Estes últimos só conheciam o uso da colher e argamassa, enquanto os primeiros
se ocupavam da concepção de plantas para a construção e a construção de
ornamentos pela escultura e lapidação hábil. Essas irmandades de altos artistas
logo ganharam grande estima, e muitos privilégios e franquias lhes eram
concedidos pelas autoridades municipais, entre os quais eles praticavam sua
profissão.
Seus
locais de reunião eram chamados Hutten, Logen, ou Lojas, e os membros assumiam
o nome de maçons. Seu santo padroeiro era São João Batista, que era homenageado
por eles como o mediador entre o Antigo e o Novo Pacto e o primeiro mártir da
religião cristã.
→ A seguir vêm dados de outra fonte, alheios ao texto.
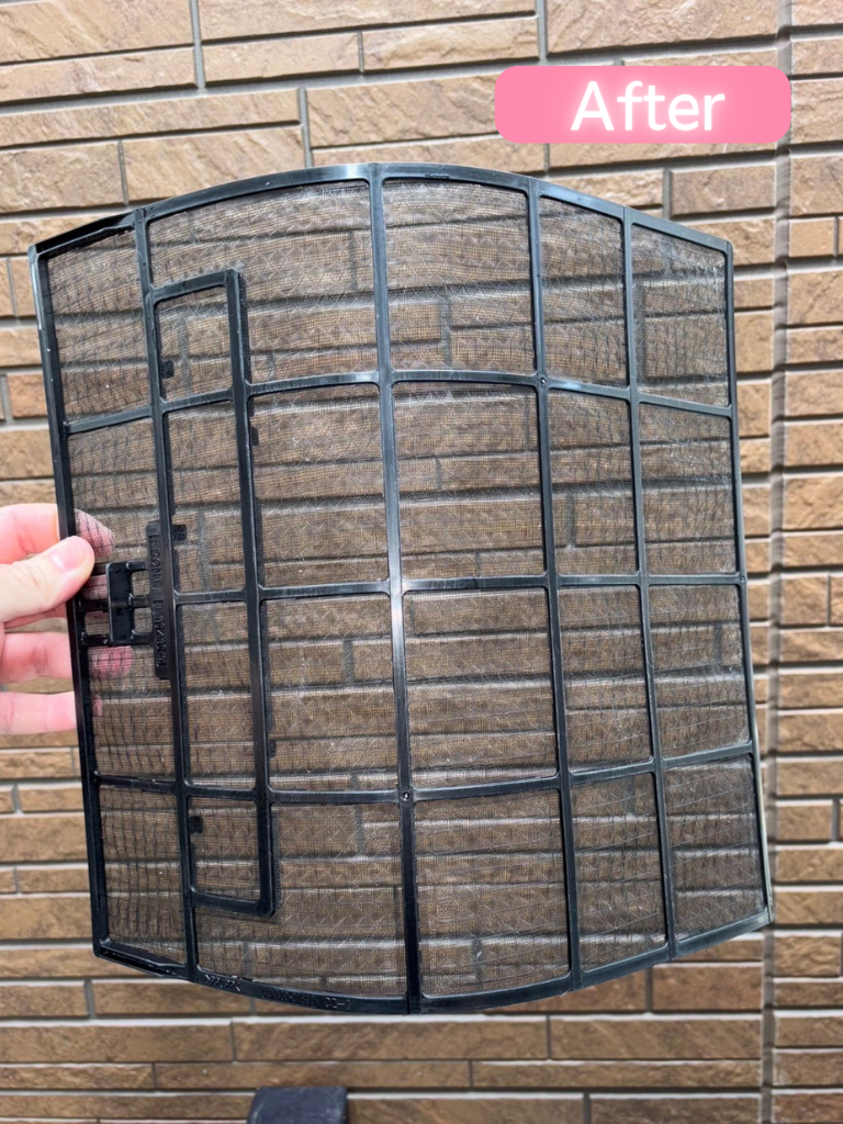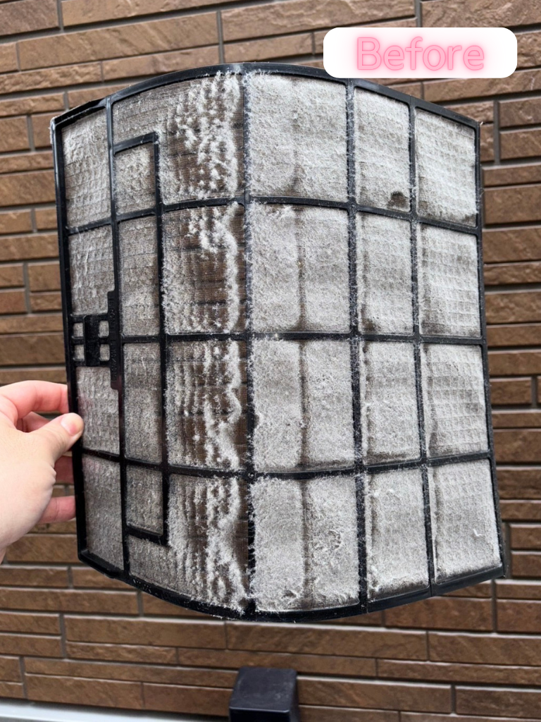 長年使用されたエアコンのフィルターは【ホコリやカビがびっしり】詰まっている状態でした。

A que condição da arte esses maçons da Idade Média chegaram,
podemos julgar a partir do que Hallam diz sobre os edifícios que eles erigiram
– que eles “uniram sublimidade em composição geral com as belezas da variedade
e da forma, efeitos hábeis ou, pelo menos afortunados de sombra e luz, e em
alguns casos ciência mecânica extraordinária”. {Mid. Ages, iv. 280.)
E
ele ainda acrescenta, como uma confirmação involuntária da verdade do esboço da
sua origem apenas dado, que a execução mecânica dos edifícios estava “muito
além dos poderes intelectuais aparentes da época, que alguns atribuíram as
principais estruturas eclesiásticas à Fraternidade de Maçons, depositários de
uma ciência oculta e tradicional. Provavelmente há alguma base para esta
opinião, e os arquivos mais antigos daquela misteriosa associação, se
existiram, poderiam ilustrar o progresso da arquitectura gótica e, talvez,
revelar sua origem”. (lb., 284.) Esses arquivos existem realmente, ou pelo
menos muitos deles; e embora desconhecido para o Sr. Hallam, porque eles
estavam fora do curso de sua leitura usual, eles foram cuidadosamente
peneirados por recentes estudiosos maçónicos, especialmente por nossos irmãos
alemães e ingleses; e aquilo que o historiador da Idade Média tinha assumido
apenas como uma conjectura plausível foi, por suas pesquisas, provado ser um
fato.
A
prevalência de símbolos Gnósticos, tais como leões, serpentes, e assemelhados
nas decorações de igrejas da Idade Média, levaram alguns autores a concluir que
os Cavaleiros Templários exerceram uma influência sobre os arquitectos, e que
por eles os símbolos Gnóstico e Ofitas foram introduzidos na Europa. Mas o Dr.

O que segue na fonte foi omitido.